2. The aquatic sport device according to claim 1 wherein the vanes are formed into the hull.
3. An aquatic sport device comprising:
a lighter than water paddle board having a bow, a stern and a sealable storage compartment therein sized for the storage of a wet suit, a sight compartment disposed aft of said storage compartment, and a deck portion disposed between said sight compartment and the paddle board stern and sized to accommodate a user in a prone position thereon;
means defining a topside portion of said paddle board and forming a top portion of said sight compartment for mounting a first transparent member at an elevated position above the paddle board deck portion and in an angular relationship therewith, said angular relationship enabling a user in a prone position on said paddle board deck portion to look forwardly into the sight compartment towards the bow of the paddle board;
a second transparent member, flush mounted in a hull of the paddle board and forming a bottom portion of said sight compartment, said second transparent member being larger than said first transparent member, said first and second transparent members being aligned with one another to enable a user, in a prone position on the paddle board deck portion, to look through the sight compartment and the paddle board in a downwardly and forwardly direction,
fairing means disposed on the buoyant board hull for guiding bubbles, foam and debris away from the second transparent member disposed in the hull when the buoyant board is floating in water and moved in a forward direction, said fairing means comprising a pair of vanes disposed in a V-like relationship with an intersection of the vanes being disposed proximate the bow of the buoyant board and said second transparent member between disposed said vanes.
4. The aquatic sport device according to claim 3 wherein the vanes are formed into the hull portion.
Description

The present invention relates generally to aquatic sport devices and, more particularly, is directed to a paddle board which provides for the user thereof to enjoy underwater viewing.

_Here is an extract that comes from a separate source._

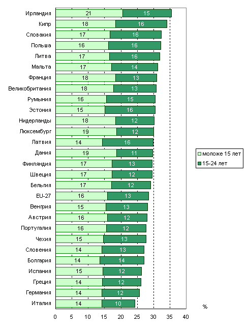 15-24 лет характерны для Венгрии (21,2%), Болгарии (23,0%), Польши
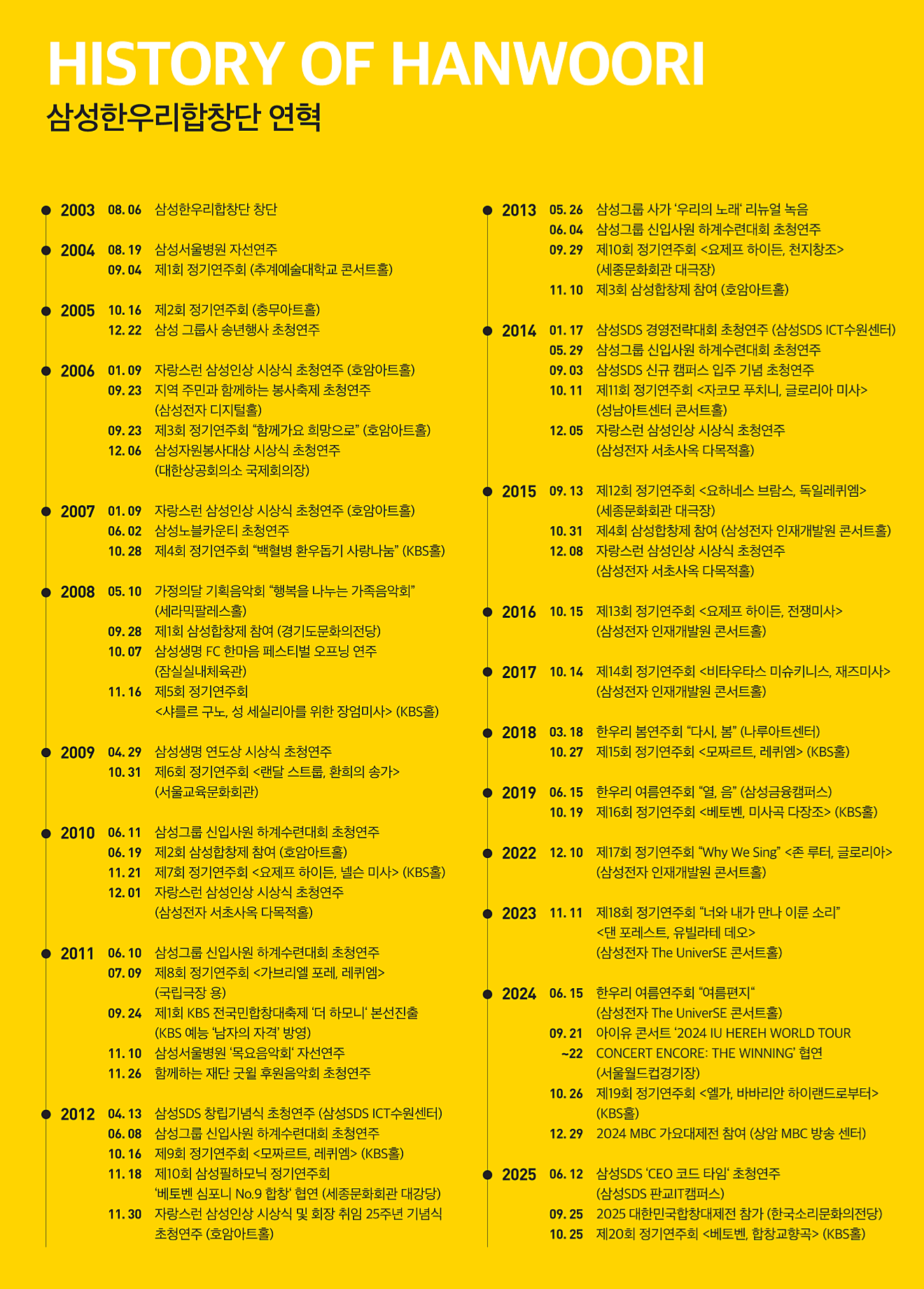 삼성한우리합창단은 변치 않는 마음으로 음악과 함께 하며, 좋은 영향력을 전파하기 위해 항상 즐거움을 잃지 않을 것입니다.

Views of underwater marine life and structures, such as reefs, have long been appreciated by snorkeling enthusiasts.

So beautiful are these underwater scenes that many tourist attractions include glass bottom boats so that large number of tourists may enjoy the color and marine activity without being inconvenienced or having to invest in snorkel equipment and/or training.

While snorkeling is a sport appreciated by many, it does require a considerable amount of physical stamina because of the swimming activity necessary. Hence, long periods of underwater viewing may be cut short by the physical limitations of the snorkeler. This is particularly true for people who are inexperienced in snorkeling, but would like to participate in the appreciation of local underwater vistas.

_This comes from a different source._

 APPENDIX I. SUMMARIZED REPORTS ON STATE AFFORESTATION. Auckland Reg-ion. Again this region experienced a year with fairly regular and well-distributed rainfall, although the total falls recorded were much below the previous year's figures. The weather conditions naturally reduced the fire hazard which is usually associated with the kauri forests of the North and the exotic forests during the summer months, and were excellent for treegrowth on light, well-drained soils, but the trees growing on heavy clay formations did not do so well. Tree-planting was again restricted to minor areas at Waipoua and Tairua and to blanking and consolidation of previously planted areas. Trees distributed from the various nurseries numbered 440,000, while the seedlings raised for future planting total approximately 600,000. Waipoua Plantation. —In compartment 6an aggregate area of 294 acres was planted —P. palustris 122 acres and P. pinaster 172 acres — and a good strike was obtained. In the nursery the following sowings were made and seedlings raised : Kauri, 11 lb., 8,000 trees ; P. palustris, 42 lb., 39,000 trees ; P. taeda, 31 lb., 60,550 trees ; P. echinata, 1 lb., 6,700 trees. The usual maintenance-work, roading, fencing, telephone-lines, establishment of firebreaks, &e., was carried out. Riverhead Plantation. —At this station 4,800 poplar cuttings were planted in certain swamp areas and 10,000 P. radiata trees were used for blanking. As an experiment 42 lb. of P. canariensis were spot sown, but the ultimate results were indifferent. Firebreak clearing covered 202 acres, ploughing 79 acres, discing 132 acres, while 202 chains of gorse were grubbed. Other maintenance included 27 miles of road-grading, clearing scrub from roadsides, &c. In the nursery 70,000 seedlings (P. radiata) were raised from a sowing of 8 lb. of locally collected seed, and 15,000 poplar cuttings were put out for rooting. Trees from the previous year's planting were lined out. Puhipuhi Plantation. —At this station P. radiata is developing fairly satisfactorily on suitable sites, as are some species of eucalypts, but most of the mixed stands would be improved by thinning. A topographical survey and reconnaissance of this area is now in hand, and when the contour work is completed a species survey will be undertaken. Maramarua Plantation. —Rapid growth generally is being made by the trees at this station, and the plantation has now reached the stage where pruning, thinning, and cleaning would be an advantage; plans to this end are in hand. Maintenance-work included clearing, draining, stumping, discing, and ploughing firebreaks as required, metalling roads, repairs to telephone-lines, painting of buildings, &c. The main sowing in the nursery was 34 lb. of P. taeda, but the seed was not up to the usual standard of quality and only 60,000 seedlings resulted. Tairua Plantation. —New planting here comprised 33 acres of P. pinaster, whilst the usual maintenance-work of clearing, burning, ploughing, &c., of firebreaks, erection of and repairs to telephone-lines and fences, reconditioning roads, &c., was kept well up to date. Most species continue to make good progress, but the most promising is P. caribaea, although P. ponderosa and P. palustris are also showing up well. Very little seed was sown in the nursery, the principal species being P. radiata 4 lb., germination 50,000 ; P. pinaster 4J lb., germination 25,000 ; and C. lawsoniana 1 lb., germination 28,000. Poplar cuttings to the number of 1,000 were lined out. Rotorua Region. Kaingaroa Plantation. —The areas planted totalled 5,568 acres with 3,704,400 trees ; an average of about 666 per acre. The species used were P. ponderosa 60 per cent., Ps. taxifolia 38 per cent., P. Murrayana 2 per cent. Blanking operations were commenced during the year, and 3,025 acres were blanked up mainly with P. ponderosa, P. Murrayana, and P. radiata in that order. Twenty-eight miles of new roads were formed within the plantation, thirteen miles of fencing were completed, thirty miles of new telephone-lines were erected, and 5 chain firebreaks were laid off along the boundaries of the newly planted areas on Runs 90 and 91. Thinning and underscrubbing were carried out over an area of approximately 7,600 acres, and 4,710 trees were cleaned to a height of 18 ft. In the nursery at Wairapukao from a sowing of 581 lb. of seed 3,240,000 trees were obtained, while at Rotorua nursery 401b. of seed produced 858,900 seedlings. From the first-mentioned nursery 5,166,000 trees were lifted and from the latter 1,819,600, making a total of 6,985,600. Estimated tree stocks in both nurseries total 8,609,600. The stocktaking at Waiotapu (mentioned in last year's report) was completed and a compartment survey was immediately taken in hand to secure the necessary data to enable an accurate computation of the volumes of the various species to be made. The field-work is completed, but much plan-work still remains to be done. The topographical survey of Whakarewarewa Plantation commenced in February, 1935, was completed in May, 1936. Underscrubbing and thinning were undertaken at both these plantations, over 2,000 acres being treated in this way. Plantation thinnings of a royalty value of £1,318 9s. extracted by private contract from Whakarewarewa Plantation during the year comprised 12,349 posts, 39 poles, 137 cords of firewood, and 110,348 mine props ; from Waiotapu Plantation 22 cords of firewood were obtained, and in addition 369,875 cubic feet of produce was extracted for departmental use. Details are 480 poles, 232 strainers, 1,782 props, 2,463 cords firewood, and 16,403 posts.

Another water sport of popularity, particularly in resort areas, is that of paddle boarding.

Since the paddle board is buoyant, and sized to support a person thereon, the user is able to stay in the water for extended periods of time, without having to exert as much energy as a swimmer. In many instances, the paddle board may be used by a snorkeler as a "base" during his snorkeling activity.

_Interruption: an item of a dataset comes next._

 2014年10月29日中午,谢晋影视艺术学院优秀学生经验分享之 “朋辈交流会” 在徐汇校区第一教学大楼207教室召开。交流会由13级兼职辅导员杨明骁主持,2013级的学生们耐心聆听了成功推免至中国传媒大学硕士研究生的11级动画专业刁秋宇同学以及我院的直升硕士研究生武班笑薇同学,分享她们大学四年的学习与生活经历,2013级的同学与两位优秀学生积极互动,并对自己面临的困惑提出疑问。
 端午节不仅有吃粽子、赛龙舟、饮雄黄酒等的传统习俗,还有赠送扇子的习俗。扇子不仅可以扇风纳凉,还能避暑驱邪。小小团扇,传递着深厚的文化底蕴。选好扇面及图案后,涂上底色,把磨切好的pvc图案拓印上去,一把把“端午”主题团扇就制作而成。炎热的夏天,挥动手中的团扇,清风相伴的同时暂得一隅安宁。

Unfortunately, underwater viewing of marine activity from a paddle board is difficult, or at least uncomfortable, since the user must hang over the edge of the board in order to submerge his mask to facilitate viewing.

A further disadvantage in combined snorkel paddle board activity is the amount of equipment necessary. Individually handled, this equipment may be cumbersome and distracting to the enjoyment of the sport. Hence, there is need for an aquatic sport device which combines snorkeling with paddle boarding and retains the advantages of both.

The present invention addresses that need. A paddle board in accordance with the present invention enables a user thereof to maintain a prone position thereon while viewing underwater vistas without having to hang over the board in an unstable position.

Because the user can remain on the board, he can maintain his observation for much greater periods of time than if he had to maintain his own flotation. An additional advantage of the present invention is the storage facilities afforded by the paddle board for the storage of associated gear, such as wet suits, thereby enabling the paddle board itself to serve as a convenient way to transport such gear to and from areas where the board is to be used.

SUMMARY OF THE INVENTION

An aquatic sport device in accordance with the present invention includes a buoyant board, having a bow and a stern, which is configured for supporting a user in a prone position thereon when the board is disposed on a body of water of sufficient size, depth, to float the buoyant board with the user thereon.

The buoyant board is sized to enable the user supported thereby to manually paddle while in a prone position in order to move the buoyant board through the water.

Additionally, means defining a sight opening through the buoyant board from a first side thereof to a second side thereof is provided.

An optical system disposed in the opening provides means for enabling visual perception through the buoyant board by the user when the user is in a prone position on the buoyant board first side.

Importantly, the optical system is configured for providing a viewing area from the buoyant board second side which is larger than the size of the opening in the buoyant board first side. This enables a greater field of view for the user of the device.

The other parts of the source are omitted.